When selecting to purchase a workshop with payments options, I understand and accept that I am requesting auto-payments to be made on the credit card account I will provide to Donna Mee Inc. separately. I acknowledge that Donna M.E.E. Inc will be charging a $10 payment processing fee for each payment made until the balance is paid in full. I accept that my first payment date will be today or as soon as my enrollment has been processed (typically within 24-72 hours) and that every 30-days payment dates will be based on the date of the first payment. I Understand that if a payment declines and needs to be processed again, this will incur an additional $10 processing fee. If I require a new payment plan to be created with a different card number, a $25 payment fee is charged to create the new payment plan. If I require manual dates to be processed, I understand I am to alert Donna Mee Inc. immediately, or the default 30-day payment plan will continue, and that this is a fee of $25 per manual transaction. I agree to all conditions and understand all figures listed in any correspondence are always usd, and that all dates are PST.
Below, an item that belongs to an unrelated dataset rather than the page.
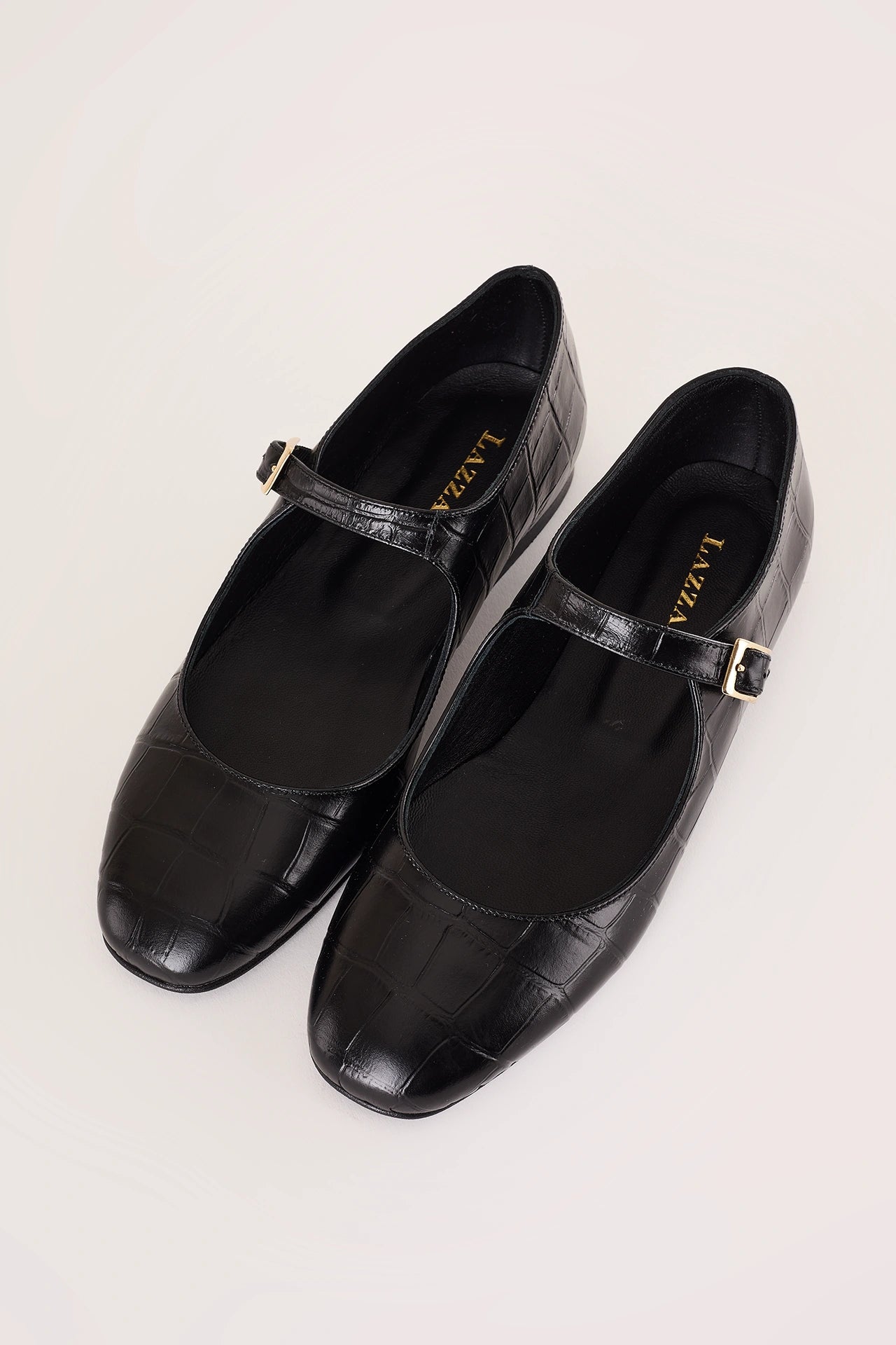 Mary Janes with a practical rubber sole, ideal even on cooler days. Versatile yet distinctive with their croc-embossed leather, they pair beautifully with dresses and skirts as well as jeans. Available in black croc-embossed leather.

THIS NONDISCLOSURE AGREEMENT (this “Agreement”) is made as of time of purchase by and between Donna Mee Inc. and Seminar Enrollee.

Enrollee has represented to Donna Mee Inc. that it desires to obtain access to: seminar/full course workshops/one day master class etc. and certain Confidential Information contained therein for the sole and specific purpose of training and education. In consideration of such access to Confidential Information, each party receiving Confidential Information (a “Recipient/Enrollee”) from the other party (a “Instructor/Disclosing Party”) confirms its understanding and agreement as follows:

  1. Confidential Information. “Confidential Information” means information of a confidential nature including, without limitation, product information, data, pricing, financial information, business proposals, end user information, information relating to a party’s trade secrets, research and development, know-how, processes, designs, Donna Mee Methods for Make Up Applications, Donna Mee Make Up Techniques and Theories, documentation, techniques, derivative works, inventions (whether patentable or not), copyrightable material, employment practices, business plans, confidential lists (including, but not be limited to, customer, client, agent and vendor lists) or other materials, that is (a) clearly and conspicuously marked as “confidential” or with a similar designation or (b) disclosed in a manner in which the Instructor/Disclosing Party reasonably communicated, or the Recipient should reasonably have understood under the circumstances, that the disclosure should be treated as confidential, whether or not the specific designation “confidential” or any similar designation is used. “Confidential Information” also includes all information and materials which are proprietary and confidential to a third party and which have been provided to Instructor/Disclosing Party by such third party for Instructor/Disclosing Party’s use. The potential relationship of the parties, the fact that discussions may be taking place between them, any of the terms of such potential relationship and the existence of this Agreement and the terms hereof will be deemed the Confidential Information.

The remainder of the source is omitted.